- SOURCE DATA -

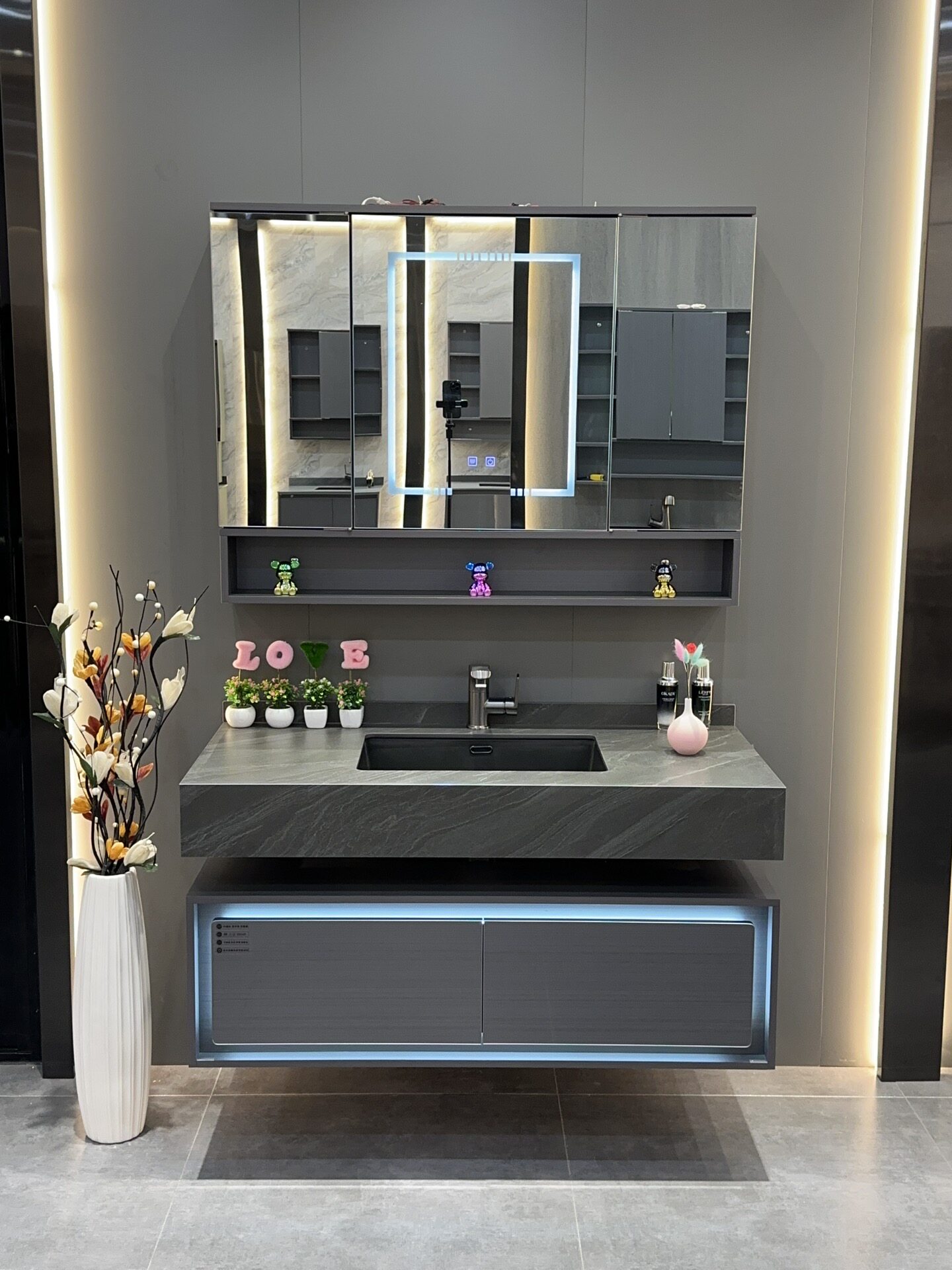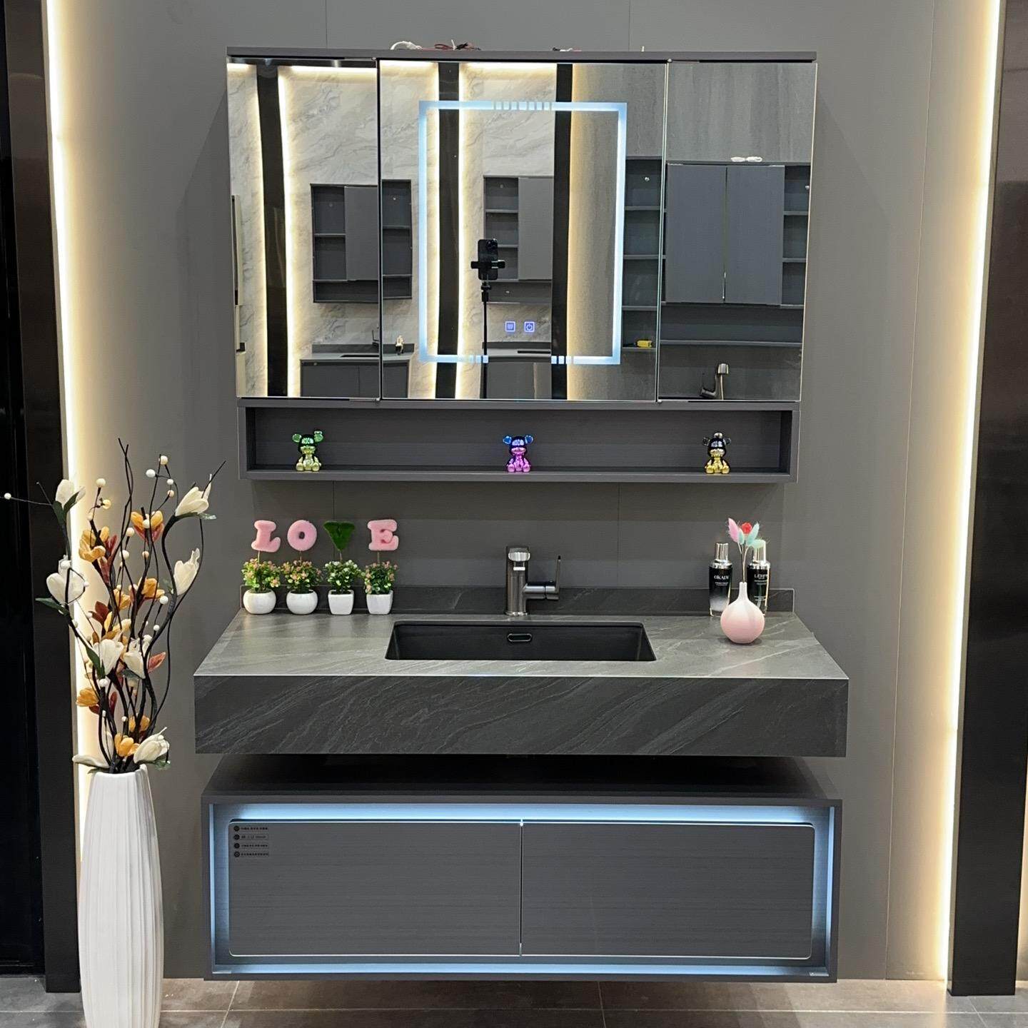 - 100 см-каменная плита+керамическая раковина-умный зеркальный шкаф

==

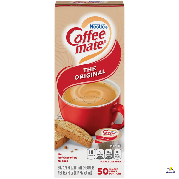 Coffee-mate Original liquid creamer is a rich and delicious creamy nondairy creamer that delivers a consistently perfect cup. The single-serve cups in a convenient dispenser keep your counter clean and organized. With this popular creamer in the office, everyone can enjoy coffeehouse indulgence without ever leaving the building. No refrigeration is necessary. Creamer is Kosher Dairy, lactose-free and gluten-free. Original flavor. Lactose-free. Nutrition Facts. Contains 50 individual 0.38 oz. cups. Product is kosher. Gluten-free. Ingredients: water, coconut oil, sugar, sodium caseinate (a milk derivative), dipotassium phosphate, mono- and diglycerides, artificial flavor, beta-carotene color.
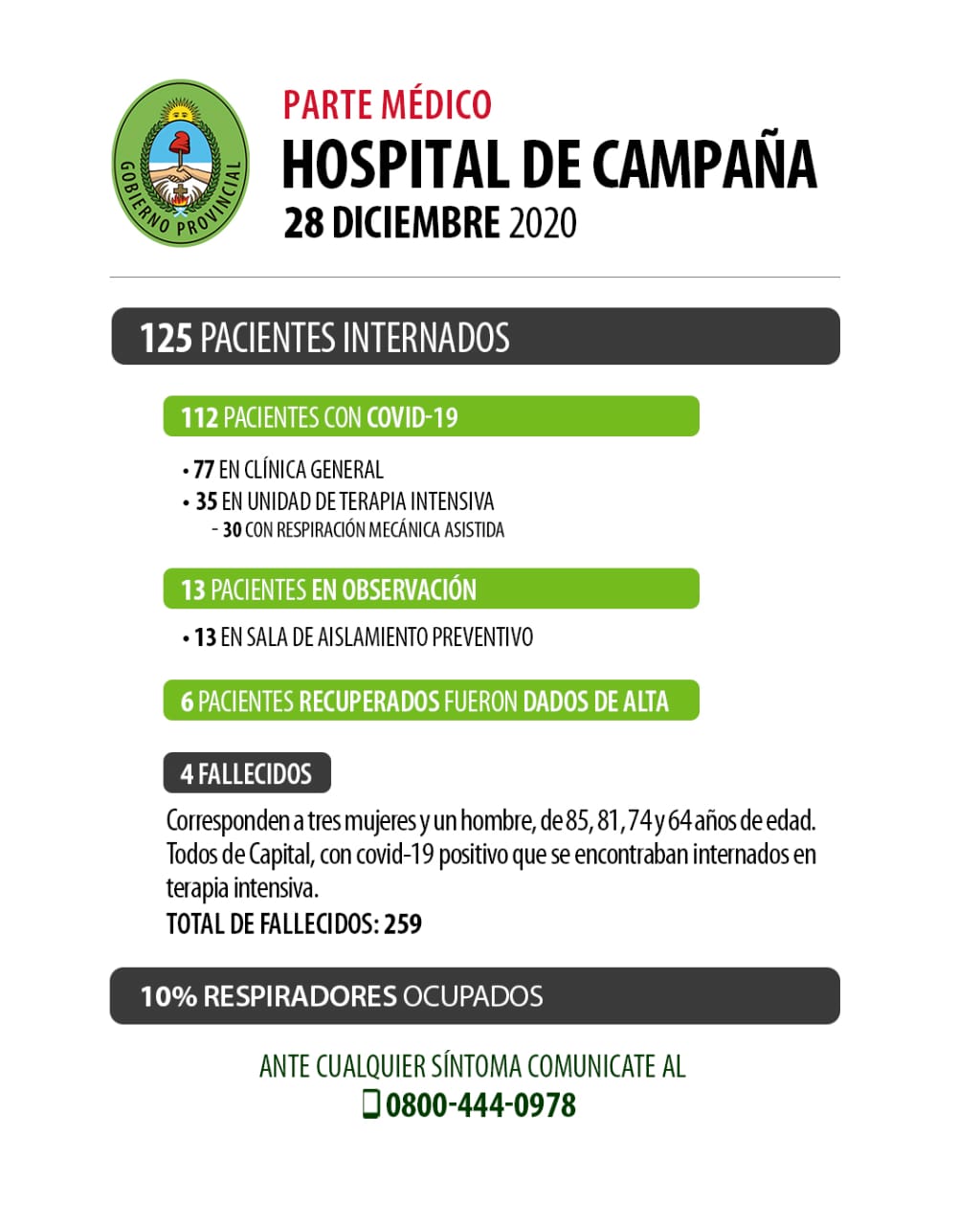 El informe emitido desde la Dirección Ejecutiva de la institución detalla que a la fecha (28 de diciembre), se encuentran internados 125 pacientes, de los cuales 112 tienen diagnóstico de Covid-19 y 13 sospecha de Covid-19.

==

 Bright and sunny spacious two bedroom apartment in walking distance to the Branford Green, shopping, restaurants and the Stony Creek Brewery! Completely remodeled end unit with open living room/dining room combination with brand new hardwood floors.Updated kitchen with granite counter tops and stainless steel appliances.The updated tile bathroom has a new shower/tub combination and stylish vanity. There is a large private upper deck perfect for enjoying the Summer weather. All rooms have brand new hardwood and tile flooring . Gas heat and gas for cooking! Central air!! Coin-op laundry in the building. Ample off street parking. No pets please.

- TASK OBJECTIVE -
Everything above from the line containing "Coffee-mate Original liquid" down to the line containing "El informe emitido" is to be duplicated exactly, both lines included, and the pictures are to be omitted.

- TASK OUTPUT -
 Coffee-mate Original liquid creamer is a rich and delicious creamy nondairy creamer that delivers a consistently perfect cup. The single-serve cups in a convenient dispenser keep your counter clean and organized. With this popular creamer in the office, everyone can enjoy coffeehouse indulgence without ever leaving the building. No refrigeration is necessary. Creamer is Kosher Dairy, lactose-free and gluten-free. Original flavor. Lactose-free. Nutrition Facts. Contains 50 individual 0.38 oz. cups. Product is kosher. Gluten-free. Ingredients: water, coconut oil, sugar, sodium caseinate (a milk derivative), dipotassium phosphate, mono- and diglycerides, artificial flavor, beta-carotene color.
 El informe emitido desde la Dirección Ejecutiva de la institución detalla que a la fecha (28 de diciembre), se encuentran internados 125 pacientes, de los cuales 112 tienen diagnóstico de Covid-19 y 13 sospecha de Covid-19.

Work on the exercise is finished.